Topalov and Anand are now one point ahead of Gelfand and Adams. Topalov counter-attacks Karjakin and wins. Anand’s novelty exchange sacrifice is enough to gain the point against van Wely. Gelfand snare’s Sokolov. Adams overpowers Kamsky.

Anand – van Wely

Anand sacrifices an exchange out of the opening of a Sicilian Sveshnikov, and exchanges queens. This gives him an advanced passed pawn. The middlegame shows that van Wely’s rooks are constricted by the passed pawn, and soon he has to give back the exchange. Anand gets his remaining rook on the seventh rank which secures him the point.

Aronian – Tiviakov

Tiviakov gets a solid position and equality out of a Queen’s Indian. In a balanced game Aronian is content to swap down into an equally balanced endgame. Drawn.

Gelfand – Sokolov

Sokolov manages to equalise on the Black side of a Semi-Slav. Gelfand’s manoeuvring allows the Black queen to become active, but there’s a trap. Sokolov’s knight is stranded in no mans land, and is compelled to sacrifice itself rather than retreat into an ambush. Gelfand’s thrusts against the Black kind force a resignation.

Ivanchuk – Mamedyarov

Ivanchuk wins a pawn in a manoeuvre in a Ruy Lopez Steinitz, but Black gets a bit of activity in compensation. Black uses the activity to launch a kingside attack, and forces a repetition of position.

Kamsky – Adams

Adams overpowers Kamsky in the Queen’s Indian and gets an advantage early on.
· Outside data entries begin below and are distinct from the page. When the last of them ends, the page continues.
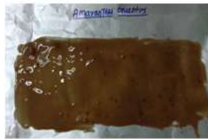
Figure-1 Heat of the mixture Figure -2 Spread over the Sheet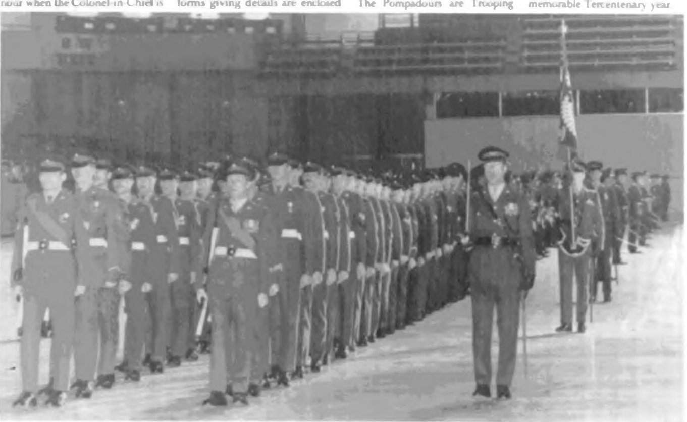
B Cov The Poachers escort the Colour during the Trooping in the Dome, See Page 7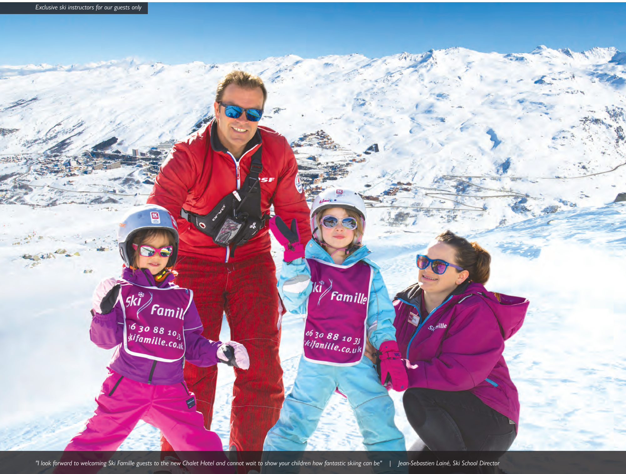
Exclusive ski instructors for our guests only

Please note, all the above childcare needs to be pre-booked in advance and is not available as an option in resort.

He builds on this advantage and turns it into a passed d-pawn, which advances causing confusion on Kamsky’s position. Kamsky unleashes a pawn storm aimed at Black’s king, but it doesn’t save him

Karjakin – Topalov

Karjakin emerges from a Sveshnikov Sicilian with a tiny advantage. He barricades Black’s central pawns which allows him to centralise his pieces and start creating threats against the Black king. He sacrifices a pawn, but Topalov turns the tables on the kingside which forces Karjakin to dispose of another pawn. In the ensuing complications Topalov wins the White queen for a rook and bishop, whilst retaining his kingside pressure. His queen and pawns prove too strong for Karjakin’s rooks.

Leko – Bacrot

Leko emerges from a Petroff with a slight advantage, but his lack-lustre play sees Bacrot equalise, exchanging into a balanced rook and pawn ending. Draw.